Both the present symmetric hybridization experiments, as well as those based on the asymmetric hybridization (Liu SW et al. 2007; Liu H et al. 2009) have produced regenerants carrying a number of novel HMW-GS alleles. Although the regenerants from JN177 callus have also been shown to produce novel HMW-GS alleles, the somaclonal mutation rate is much lower (Feng et al. 2004). Although some of the somatic hybridization-induced alleles may have arisen through somaclonal variation, it seems likely that many resulted from an interaction between the biparental genomes and/or the process of protoplast fusion itself; in the case of the asymmetric hybridization products, an additional source of variation is provided by the pre-fusion UV-irradiation treatment (Liu H et al. 2009). The analysis of certain newly synthesized alloploids has shown that when two genomes are united in a single nucleus, some instability ensues, which results in the elimination of genomic DNA sequences, the alteration of cytosine methylation patterns, and the reactivation of retrotransposons (Shaked et al. 2001; Ozkan et al. 2001; Madlung et al. 2002, 2005).

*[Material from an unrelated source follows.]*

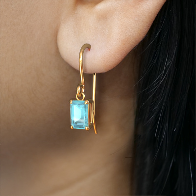 What could possibly be more stunning than a pair of stunning drop earrings? These gold Laurie EME 1 drop earrings are a true eye-catcher. These solitaire drop earrings are set with emerald cut blue topaz. We collaborate with the best suppliers of gemstones and they select our gemstones with great care. Your drop earrings are made by hand in our own artisan studio by our expert goldsmiths. Our goldsmiths passionately create your customized drop earrings to your liking with the utmost care. The gold set drop earrings, as shown here, can be customized using our online tool. Feel free to ask our jewel designers for assistance if you want changes made which are unavailable in our online tool. We are happy to answer your questions.Are you on a budget? Please feel free to contact us, so we can go discuss your options. We offer our drop earrings at guaranteed best price, because we make them to order. You won't find such a price anywhere else!To make it easier for you, we offer a 30 day return policy. Check our terms and conditions.

Similar instability is, therefore, not unexpected in a somatic hybrid, and this has been demonstrated in wheat/tall wheatgrass combinations in the form of variation at microsatellite sequences, the elimination of DNA sequences, changes in the pattern of cytosine methylation and silencing or activation of homoeologous alleles (unpublished). The wide hybridization of different genomes might trigger a genomic shock that lead to these responses and it fit McClintock’s view about genomic shock response that “initiates a highly programmed sequence of events within the cell that serves to cushion the effect of the shock” (McClintock 1984). Therefore, the response to genomic shock triggered by the merger and interaction of biparent genomes might be mainly responsible for the sequence variation in the introgression lines.

In conclusion, we have shown here that the variation in the HMW-GS sequences can be induced by symmetric as well as asymmetric somatic hybridization. It is possible that some of the novel alleles may make a positive contribution to the wheat end-use quality and is favorable to the investigation of genome variation and evolution.